The logit function performs the inverse transformation to the sigmoid function and is defined by `logit(p) = log(p/(1-p))`

; this was done to transform the probabilities back into the logits before applying calibration. The scalars *A* and *B* were derived from the development data as stated previously. Cross-validation is often used to prevent the calibrator from over-fitting during the calibration process. In this work, we derived the weights of the calibrator using 10-fold cross-validation.

We derived the weights of the calibrator using our NLST cohort comprising 1,249 malignant nodules and 14,828 benign nodules. This cohort was also used for the development of the DL algorithm as described in our manuscript. Figures 1 and 2 show the visual assessment of the calibration of the DL algorithm before and after Platt’s scaling through histogram density plots and reliability curves for the NLST and the DLCST cohorts. Table 1 shows the binary cross-entropy loss and the Brier score loss of the algorithm’s outputs on the NLST and DLCST cohorts. Figure 3 shows the calibrated risk scores for the same nodules that were shown in Figure 5 of our manuscript.

**Figure 1.** Visual assessment of the calibration of the deep learning (DL) algorithm for malignancy risk estimation of pulmonary nodules detected at screening CT through histogram density plots of outputs in the development cohort from the National Lung Screening Trial (NLST), left, and the full external validation cohort (DLCST), right, before (top) and after (bottom) calibration with Platt’s scaling.
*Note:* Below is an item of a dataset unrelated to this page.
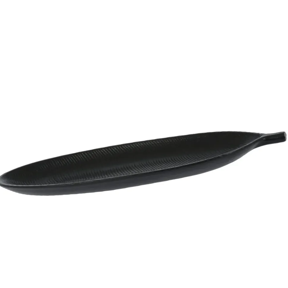 Plateau noir en forme de feuille, 15,5 x 6″. Utilisez-le pour porter votre baguette de pain avec élégance, lors de votre repas du temps des Fêtes ! Vous pourrez bien sûr l’utiliser comme centre de table même après vos célébrations, en guise de décoration tendance.

**Figure 2.** Visual assessment of the calibration of the deep learning (DL) algorithm for malignancy risk estimation of pulmonary nodules through calibration plots (also called reliability diagrams) in the development cohort from the National Lung Screening Trial (NLST), left, and the full external validation cohort from the Danish Lung Cancer Screening Trial (DLCST), right.

**Table 1.** Brier score loss and binary cross-entropy for the DL algorithm on the NLST and DLCST cohorts before and after calibration with Platt’s scaling.

Cohort | Brier score loss | Binary cross-entropy |
---|---|---|

NLST (development) | Uncalibrated: 0.091; Calibrated: 0.049 | Uncalibrated: 0.308; Calibrated: 0.170 |

DLCST (external validation) | Uncalibrated: 0.055; Calibrated: 0.045 | Uncalibrated: 0.211; Calibrated: 0.155 |

**Figure 3.** Examples of CT images in nodules from the Danish Lung Cancer Screening Trial (DLCST) with (A-D) high and (E-H) low agreement between the deep learning (DL) algorithm and the clinicians for malignancy risk estimation. The raw DL outputs are shown along with the calibrated DL risk scores for each nodule from Figure 5 of our publication.

# Summary

The previous version of our deep learning (DL) algorithm for malignancy risk estimation of pulmonary nodules produced uncalibrated malignancy risk scores. The algorithm produced overconfident and polarized outputs, with the malignancy risks close to either 0 or 1. In this article, we described how we used Platt’s scaling to calibrate the DL algorithm’s probabilities. Qualitative assessments through histogram density plots and reliability diagrams and quantitative assessments with the Brier score loss show that the algorithm has better calibration. We made both the uncalibrated outputs and the calibrated outputs available through the publicly available algorithm on grand-challenge.org.